• **Given data**
※
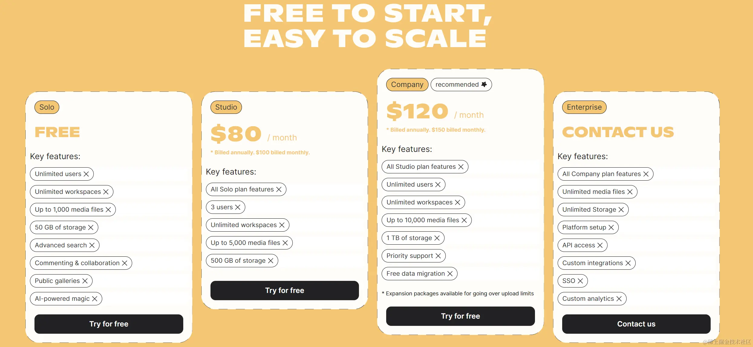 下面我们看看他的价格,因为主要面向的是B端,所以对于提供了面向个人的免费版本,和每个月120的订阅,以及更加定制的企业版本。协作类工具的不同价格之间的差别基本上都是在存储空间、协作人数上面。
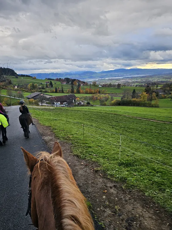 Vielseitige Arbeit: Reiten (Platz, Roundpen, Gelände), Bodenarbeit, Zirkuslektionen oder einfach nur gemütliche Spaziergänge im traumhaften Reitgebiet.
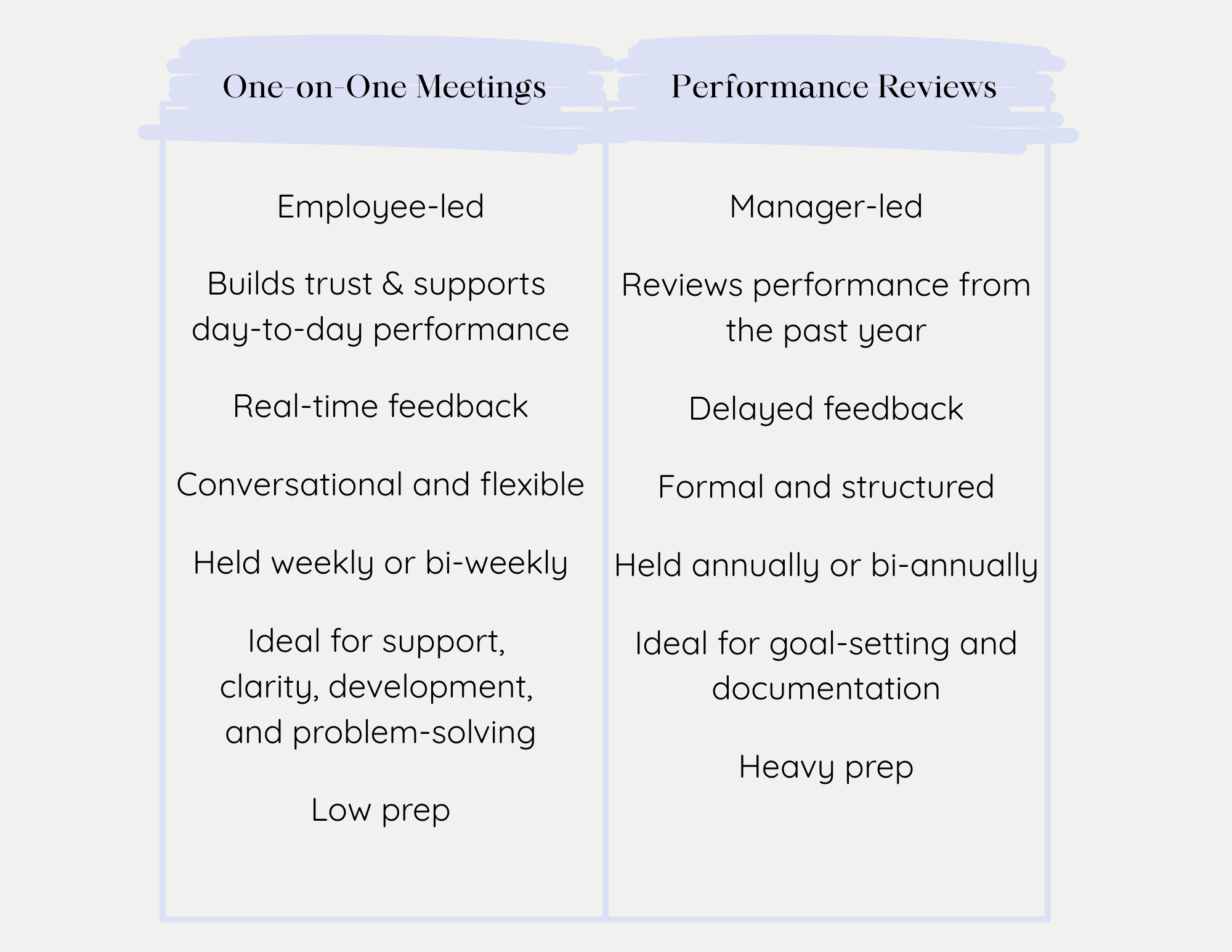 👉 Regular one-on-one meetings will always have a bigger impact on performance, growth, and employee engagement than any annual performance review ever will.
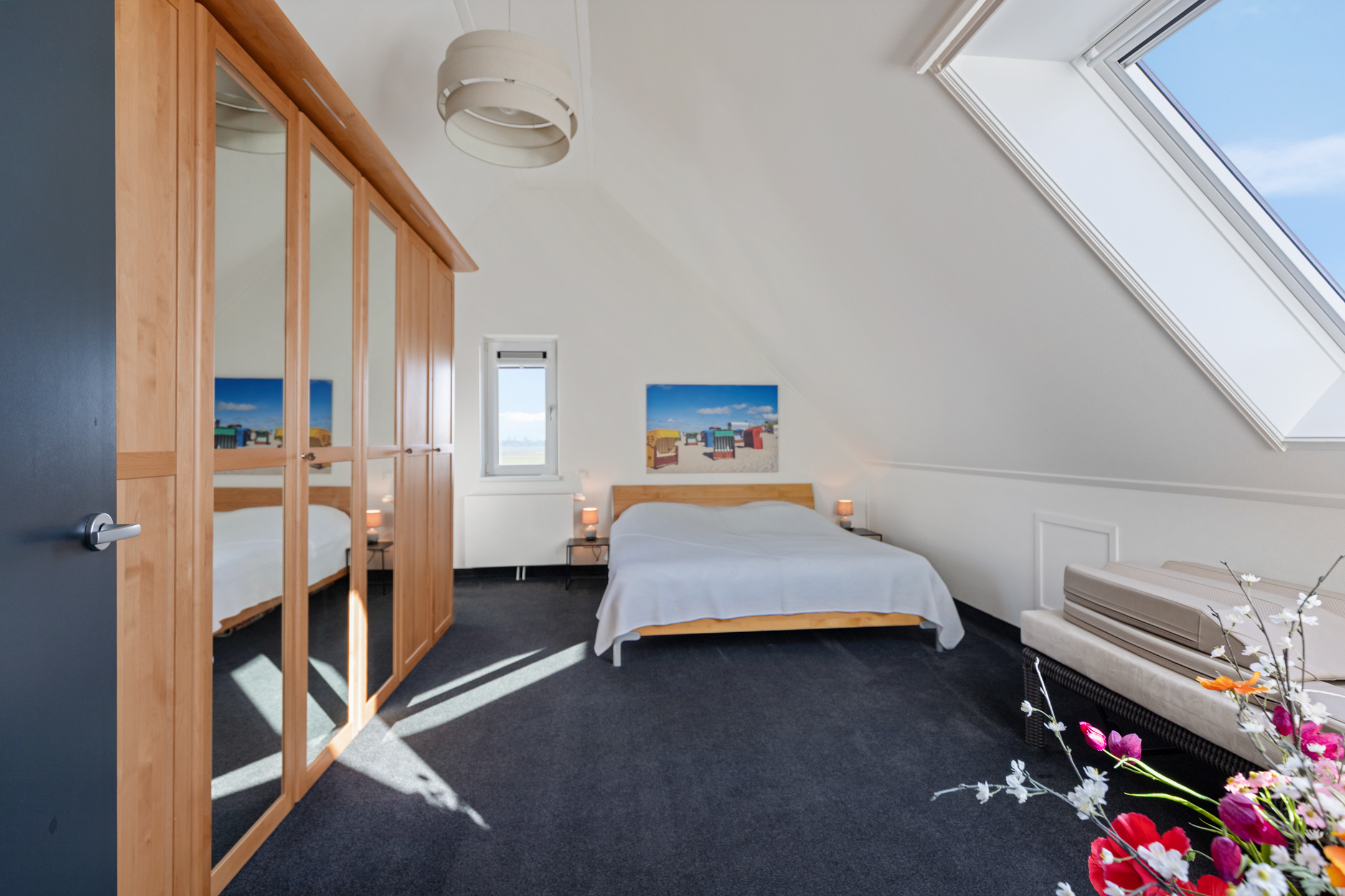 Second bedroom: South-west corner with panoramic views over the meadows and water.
※
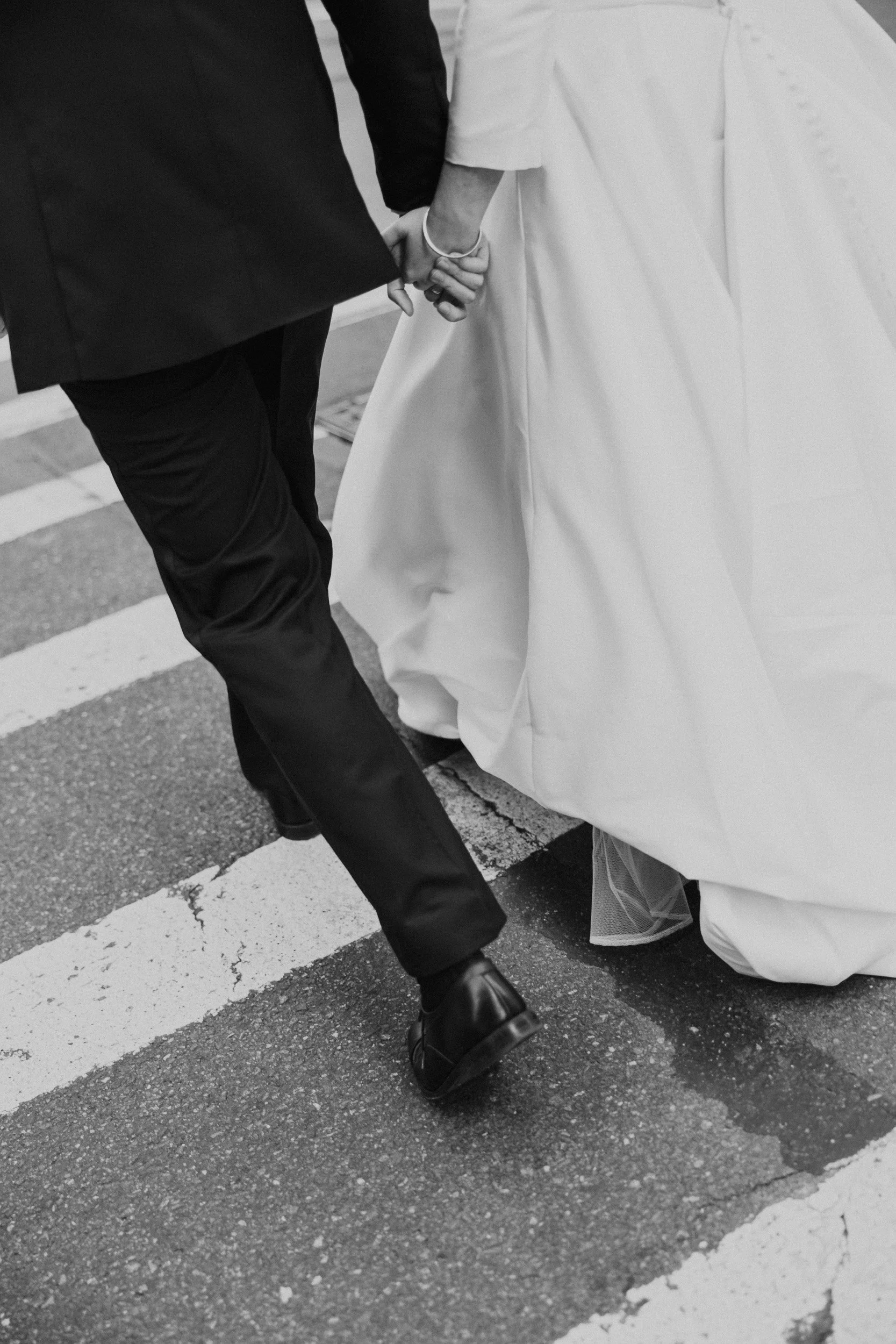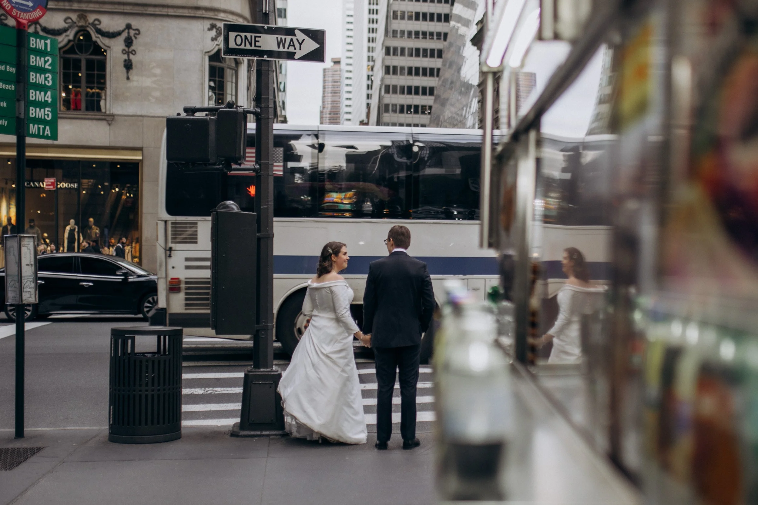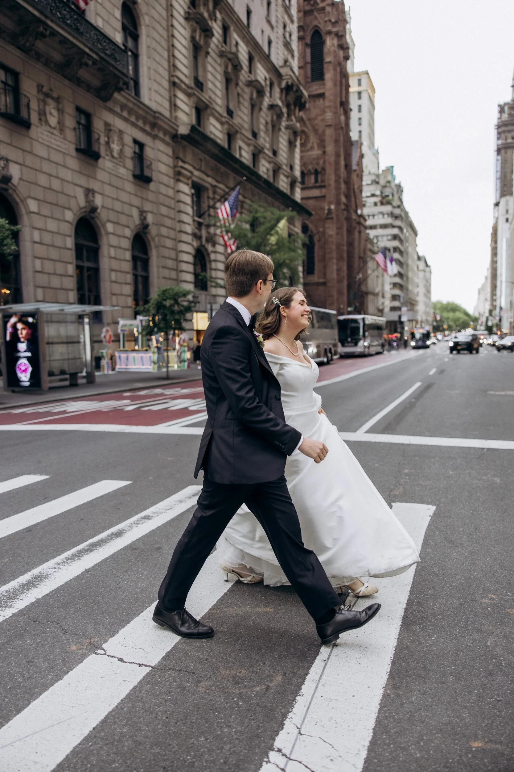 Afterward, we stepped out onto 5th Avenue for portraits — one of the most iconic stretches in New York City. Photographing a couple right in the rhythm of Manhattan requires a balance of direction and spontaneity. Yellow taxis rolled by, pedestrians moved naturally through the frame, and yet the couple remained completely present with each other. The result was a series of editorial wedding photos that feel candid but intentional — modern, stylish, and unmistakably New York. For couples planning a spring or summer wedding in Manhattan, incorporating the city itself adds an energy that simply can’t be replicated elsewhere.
※
• **What to produce**
Both the line above containing "下面我们看看他的价格,因为主" and the line containing "Vielseitige Arbeit: Reiten" belong in the copy, along with every line between them; print these exactly and omit the pictures.

• **Solution for this exercise**
 下面我们看看他的价格,因为主要面向的是B端,所以对于提供了面向个人的免费版本,和每个月120的订阅,以及更加定制的企业版本。协作类工具的不同价格之间的差别基本上都是在存储空间、协作人数上面。
 Vielseitige Arbeit: Reiten (Platz, Roundpen, Gelände), Bodenarbeit, Zirkuslektionen oder einfach nur gemütliche Spaziergänge im traumhaften Reitgebiet.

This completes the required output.